(WORK ITEM)
The finished copy must match the records exactly, except that it contains no pictures.

** INPUT follows **

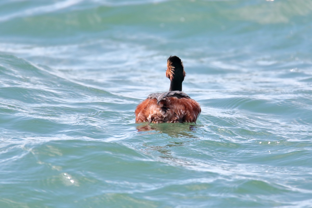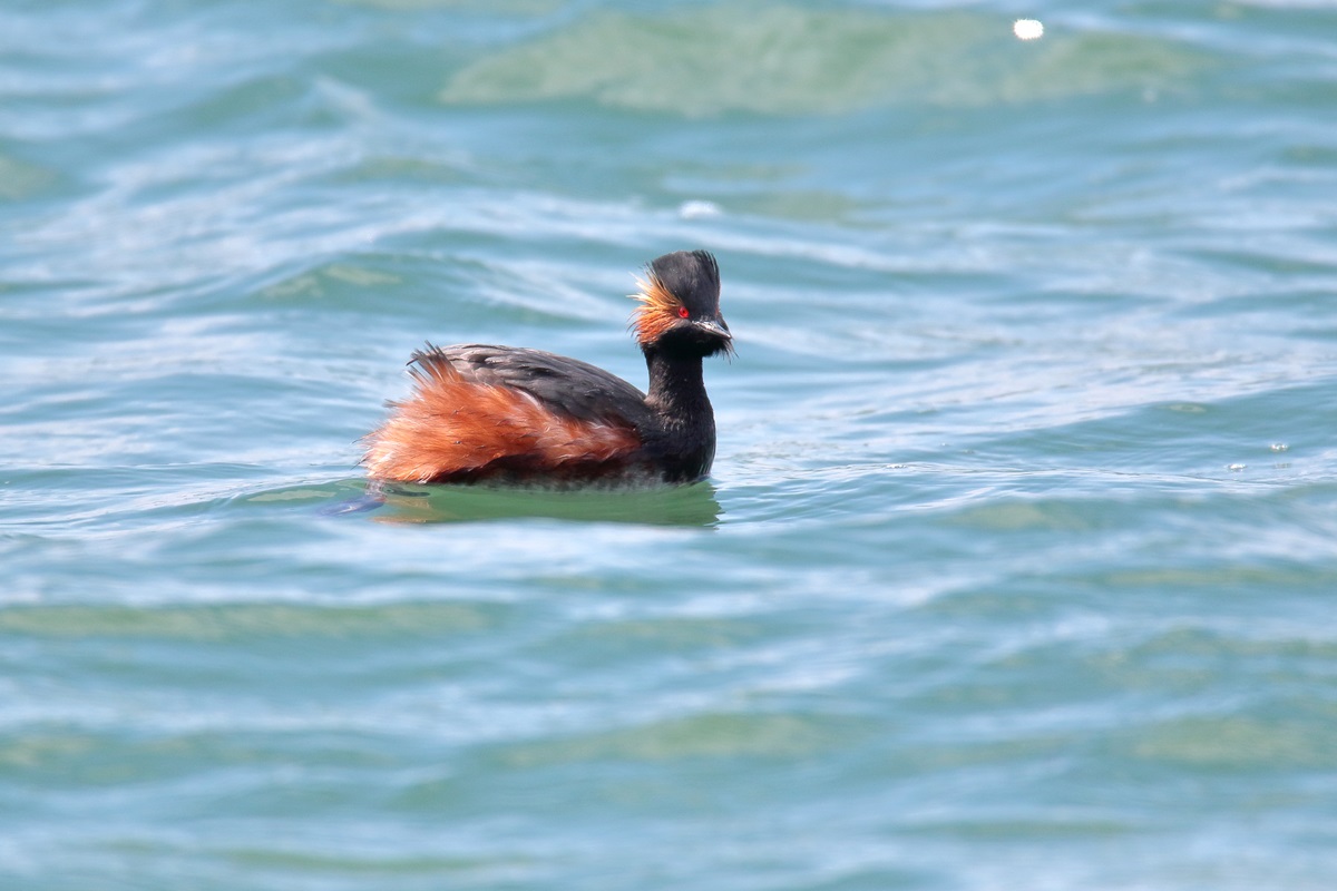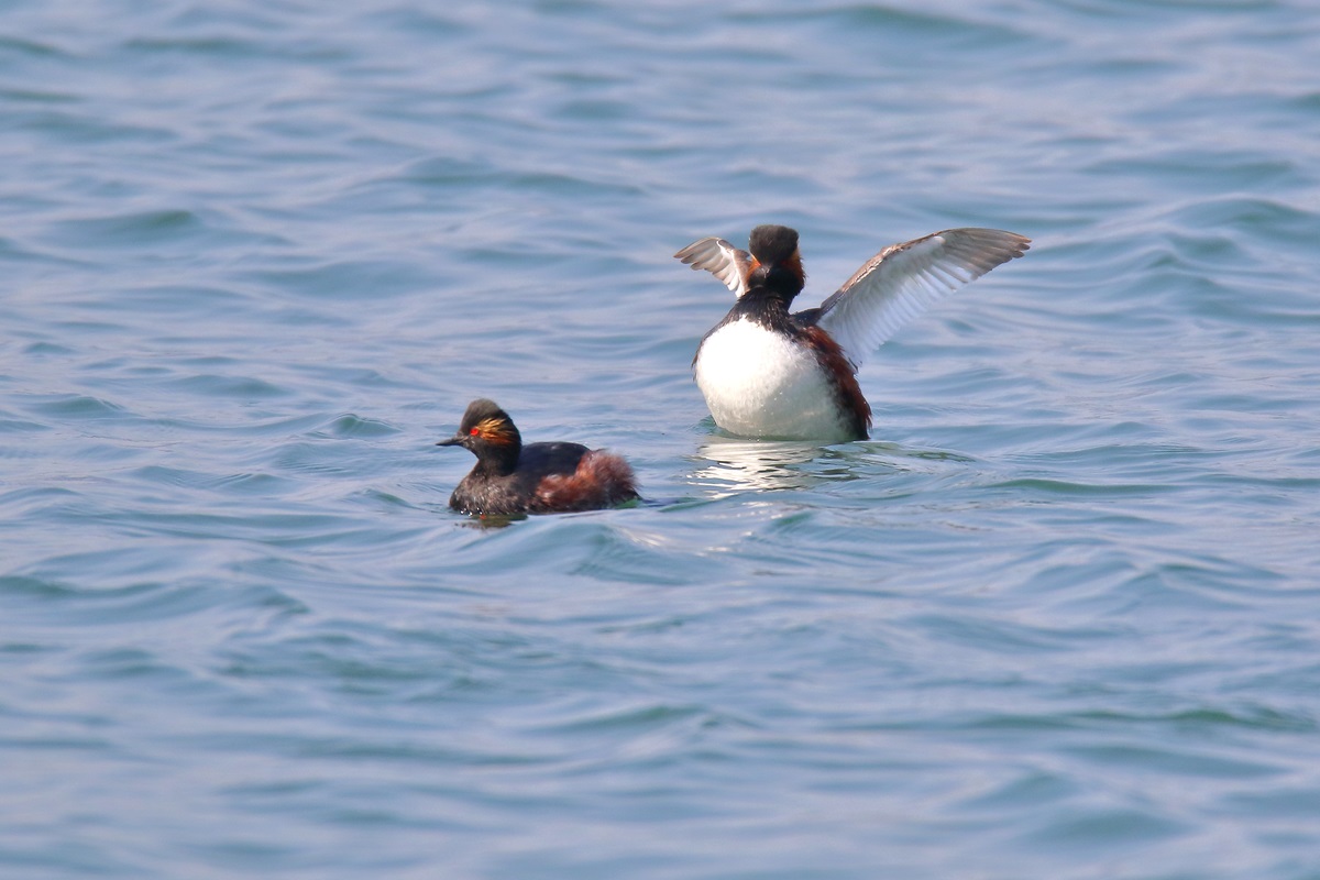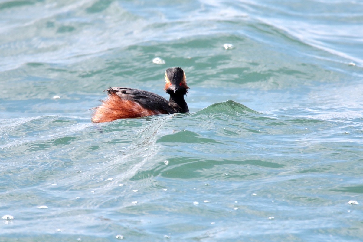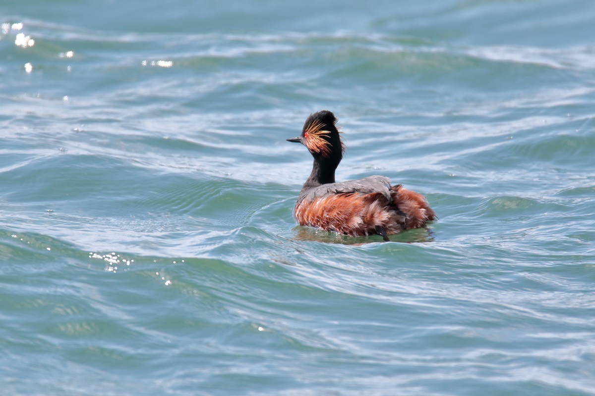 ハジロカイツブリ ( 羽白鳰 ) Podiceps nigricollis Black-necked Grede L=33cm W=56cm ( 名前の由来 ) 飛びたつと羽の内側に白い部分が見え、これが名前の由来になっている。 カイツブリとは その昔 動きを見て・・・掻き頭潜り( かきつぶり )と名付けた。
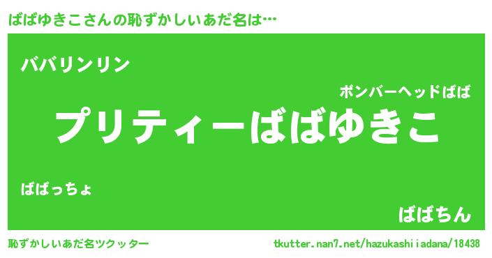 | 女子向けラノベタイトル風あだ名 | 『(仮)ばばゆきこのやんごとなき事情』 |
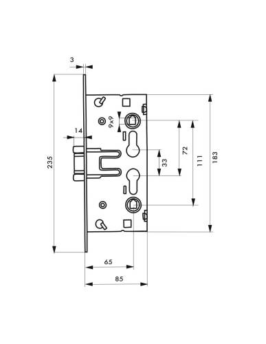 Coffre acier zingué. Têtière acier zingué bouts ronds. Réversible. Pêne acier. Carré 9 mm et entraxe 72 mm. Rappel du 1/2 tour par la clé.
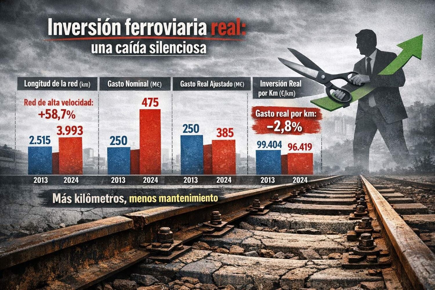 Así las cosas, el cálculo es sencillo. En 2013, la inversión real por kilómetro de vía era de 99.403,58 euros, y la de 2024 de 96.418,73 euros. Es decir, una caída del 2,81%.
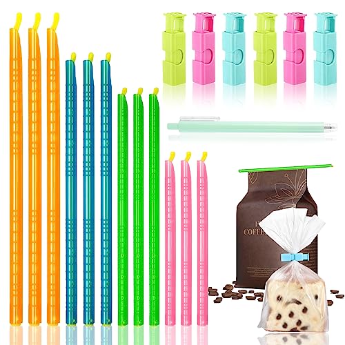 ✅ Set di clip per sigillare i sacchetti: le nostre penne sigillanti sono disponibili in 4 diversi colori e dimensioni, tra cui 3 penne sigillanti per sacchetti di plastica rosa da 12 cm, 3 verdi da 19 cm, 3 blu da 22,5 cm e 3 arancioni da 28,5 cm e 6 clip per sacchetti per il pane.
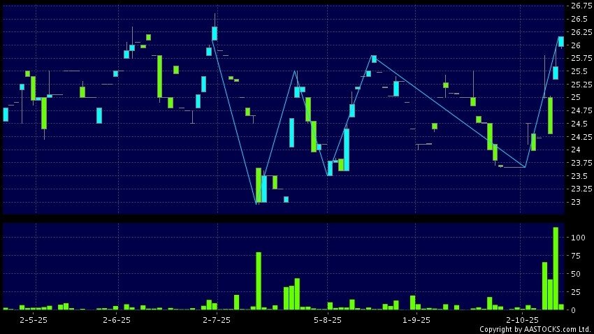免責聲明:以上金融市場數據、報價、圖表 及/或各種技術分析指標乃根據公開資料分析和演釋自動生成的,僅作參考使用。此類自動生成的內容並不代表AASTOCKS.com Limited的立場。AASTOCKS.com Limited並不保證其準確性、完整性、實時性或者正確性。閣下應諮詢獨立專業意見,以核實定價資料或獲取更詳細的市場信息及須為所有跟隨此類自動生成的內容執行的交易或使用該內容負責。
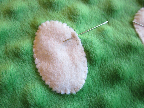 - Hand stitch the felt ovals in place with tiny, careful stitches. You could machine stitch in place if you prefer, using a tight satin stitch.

** End of INPUT **

(TASK SOLUTION)
 ハジロカイツブリ ( 羽白鳰 ) Podiceps nigricollis Black-necked Grede L=33cm W=56cm ( 名前の由来 ) 飛びたつと羽の内側に白い部分が見え、これが名前の由来になっている。 カイツブリとは その昔 動きを見て・・・掻き頭潜り( かきつぶり )と名付けた。
 | 女子向けラノベタイトル風あだ名 | 『(仮)ばばゆきこのやんごとなき事情』 |
 Coffre acier zingué. Têtière acier zingué bouts ronds. Réversible. Pêne acier. Carré 9 mm et entraxe 72 mm. Rappel du 1/2 tour par la clé.
 Así las cosas, el cálculo es sencillo. En 2013, la inversión real por kilómetro de vía era de 99.403,58 euros, y la de 2024 de 96.418,73 euros. Es decir, una caída del 2,81%.
 ✅ Set di clip per sigillare i sacchetti: le nostre penne sigillanti sono disponibili in 4 diversi colori e dimensioni, tra cui 3 penne sigillanti per sacchetti di plastica rosa da 12 cm, 3 verdi da 19 cm, 3 blu da 22,5 cm e 3 arancioni da 28,5 cm e 6 clip per sacchetti per il pane.
免責聲明:以上金融市場數據、報價、圖表 及/或各種技術分析指標乃根據公開資料分析和演釋自動生成的,僅作參考使用。此類自動生成的內容並不代表AASTOCKS.com Limited的立場。AASTOCKS.com Limited並不保證其準確性、完整性、實時性或者正確性。閣下應諮詢獨立專業意見,以核實定價資料或獲取更詳細的市場信息及須為所有跟隨此類自動生成的內容執行的交易或使用該內容負責。
 - Hand stitch the felt ovals in place with tiny, careful stitches. You could machine stitch in place if you prefer, using a tight satin stitch.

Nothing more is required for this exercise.